C’è stato il solito atteggiamento vergognoso che abbiamo imparato a conoscere: quello di chi, anche a danno del Paese e dei lavoratori, briga per creare difficoltà o si compiace nel denigrare il lavoro e l’impegno degli altri.
Si è registrata l’ironia di esponenti dell’attuale opposizione e dei teatranti del vecchio regime che deridevano l’ipotesi di una cordata italiana contestandone la possibile realizzazione.
La nostra compagnia di bandiera era sul punto di essere ceduta ad Air France e con la cessione non solo si andava a trasferire oltralpe la governance di Alitalia e della sua flotta, ma anche tutte le sue rotte ed il suo bagaglio di voli internazionali.
La rinuncia al controllo di Alitalia sarebbe stato un limite persino per il turismo italiano. Un Paese con vocazione turistica come l’Italia non può permettersi di vedere dirottata l’attenzione dei tour operators internazionali dalle località italiane ad altre, naturalmente e comprensibilmente francesi, quando nei pacchetti negoziati con le grandi catene turistiche del mondo, agli scali e/o destinazioni di Roma o Venezia, si fossero andate a sostituire le località francesi come Parigi, la Normandia o la Costa Azzurra.
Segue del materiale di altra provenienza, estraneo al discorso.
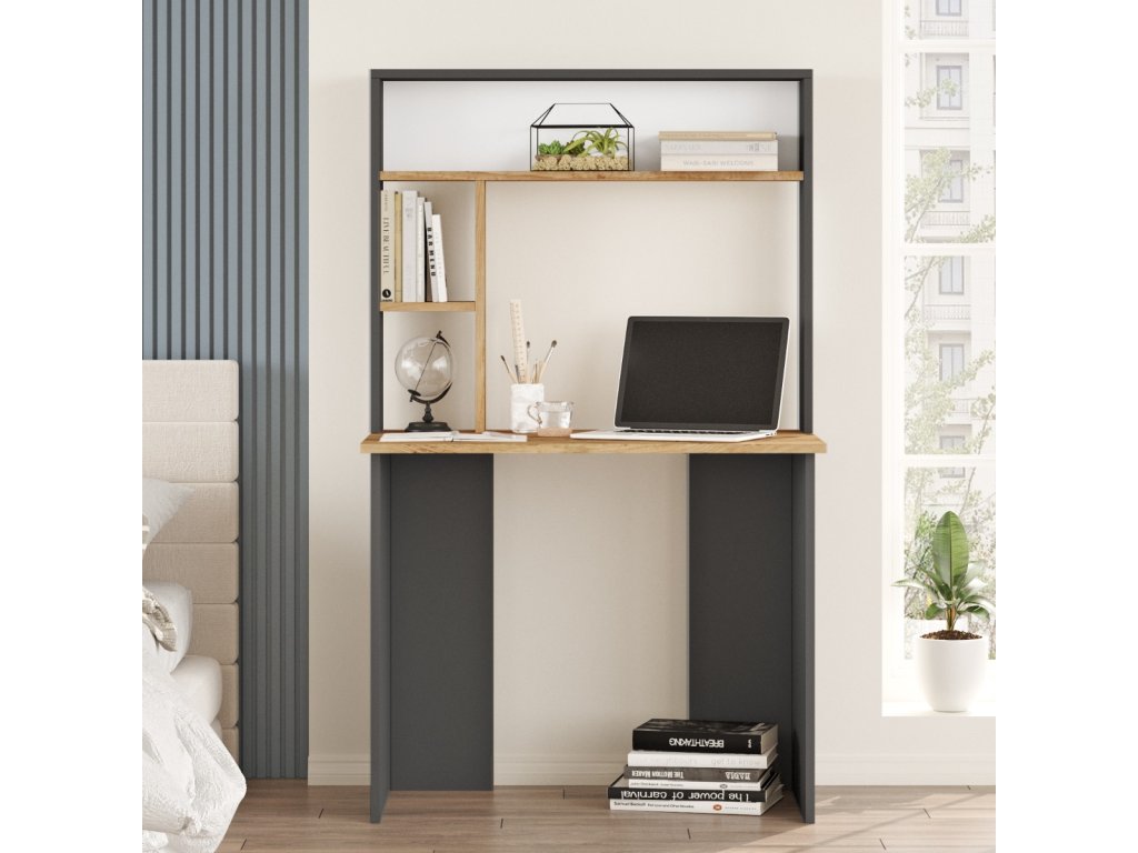 Písací stôl s nástavcom BREMEN, borovica / antracit

La facilità persino sospetta con la quale il precedente Governo aveva stabilito la trattativa in esclusiva con la compagnia di bandiera francese era sembrata davvero preoccupante, quasi irresponsabile. Non si trattava della ricerca di un partner del settore, come ad esempio per l’olandese KLM con la stessa Air France, ma di una resa senza condizioni agli interessi economici di una compagnia e di un paese straniero.
Non solo Berlusconi e tutta l’opposizione di allora avevano reagito con determinazione, ma anche settori della stessa maggioranza. Il Ministro delle Infrastrutture di Prodi, Antonio Di Pietro parlava di "Offerta umiliante, finalizzata unicamente al profitto dell'offerente, un danno per la compagnia, per le maestranze e per tutto il Paese - umilia un hub importante come Malpensa, che da solo vale dieci volte Alitalia e nei confronti del quale dovremmo tutti impegnarci per salvaguardarne le potenzialità".
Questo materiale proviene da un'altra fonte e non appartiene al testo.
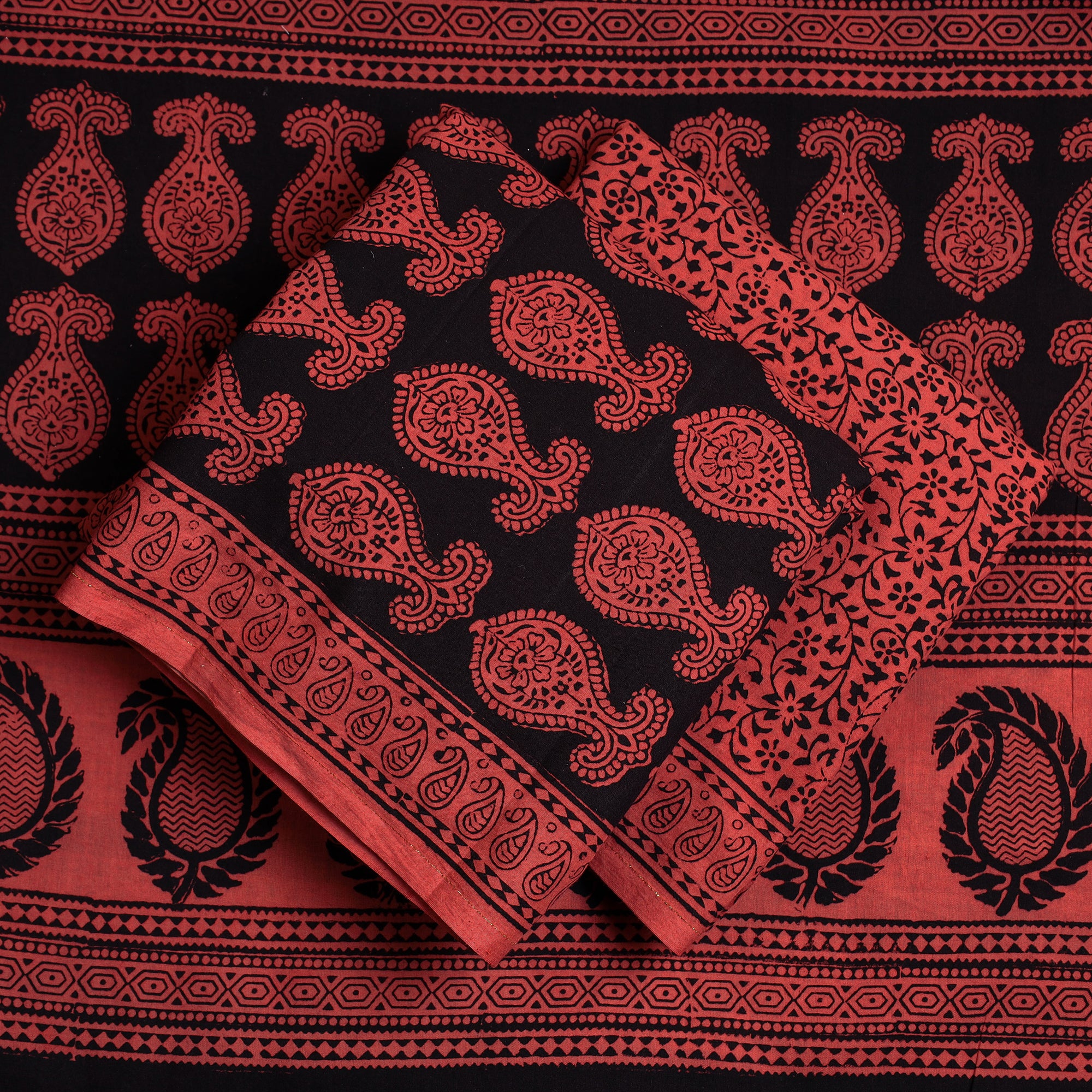 Black - Natural Dyed Cotton Hand Block Bagh Print Fabric 17

Anche i sindacati avevano respinto senza remore quella che era sembrata una capitolazione offensiva a danno degli interessi nazionali e dei lavoratori, la Uil si era persino defilata dal prosieguo delle trattative per far pesare l’oscenità dell’offerta francese.
I modi ultimativi e la sostanziale intrattabilità dell’offerta erano mortificanti ed a tanti, di maggioranza o di opposizione, erano parsi al limite della dignità nazionale. Si aveva l’impressione di un usuraio che imponeva i suoi tassi capestro al malcapitato bisognoso di momentanea liquidità per scongiurare l’imminente fallimento della sua impresa. E si sa che in questi casi, quando si finisce nelle mani dei tagliagole, si finisce per perdere ugualmente l’impresa, come appunto stava accadendo ad Alitalia.
Oggi però Di Pietro recupera la proposta Spinetta, strumentalizzando sul numero degli esuberi: solo 2100. In Italia, si sa, l’antiberlusconismo giustifica un po’ di tutto. Abbiamo sentito espressioni da trivio, offese al Papa ed al Presidente della Repubblica, insinuazioni meschine e la satira trasformarsi in volgare avanspettacolo di provincia: oramai c’è solo da distinguere fra chi la spara più grossa o chi è più trash e non ci meraviglia più niente, neanche le capriole di Di Pietro.
Come si può ignorare che Air France su circa 10 mila dipendenti Alitalia ne avrebbe assorbito solo poco meno di 2.000? Gli esuberi dichiarati da Air France riguardavano solo le attività di Alitalia che la compagnia francese intendeva assorbire (aerei, voli e rotte). Ed è per questa ragione (che i sindacati ben conoscono) che le organizzazioni dei lavoratori stanno affrontando con molta prudenza le diverse problematiche avvicinandosi al tavolo di confronto con serietà e consapevolezza, al contrario di Di Pietro e dello stesso PD che con Veltroni continua ad ironizzare sulla compagnia con la “bandierina” italiana.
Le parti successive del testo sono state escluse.